FM音源とPSG音源の音量バランスも、設計者・製作者のほうで、適切な抵抗器を選定して、入力側で調整されております。

この高音質モジュールによって、封印されていた高周波ゾーンが解放されたような感じです♪

CPUで再現するエミュレーターと違って、直接基板のサウンドチップから鳴っているダイレクト感が、たまりませんね♪

本来ならば、この高クオリティーな音声で開発されていたものなのに、実機では音が曇ってしまって、当時の開発者も残念な思いをしていたことかと思います。

1988年にメガドライブが登場してから26年経ちますが、今回の高音質改造をした事で、やっと今になって、メガドライブの秘めた、本来の音声が聴けることに、喜びを感じます。

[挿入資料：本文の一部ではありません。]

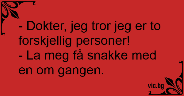- Dokter, jeg tror jeg er to forskjellig personer!

これも、メガドライブのファンが有志で作ってくれた情報のおかげです。


さて、作った高音質モジュールを、メガドライブに実装する時には、本体の天井部分に固定しました。

メガドライブ 高音質モジュール固定

本体の「16-BIT」エンブレムの裏側部分になるのですが、ここが一番スペースが広くて、カートリッジカバーを固定しているネジが、高音質モジュールを固定するのに丁度良かったので、固定するヒンジをアルミで切り出して作りました。

これで、高音質モジュールを、本体の内部で、宙に浮いているような感じに取り付けることが出来ました。


ちなみに、今回の改造で、本体のヘッドホン用音量コントロールが、使えなくなります。

メガドライブ ヘッドホン音量コントロール

実はこの、ヘッドホン用音量コントロール周りの音声回路が、メガドライブの音質を劣化させている部分なのです。

そこで、既存の音声回路に入力する手前で、高音質モジュールに接続することで、ヘッドホン用音量コントロールは、全く機能しなくなっております。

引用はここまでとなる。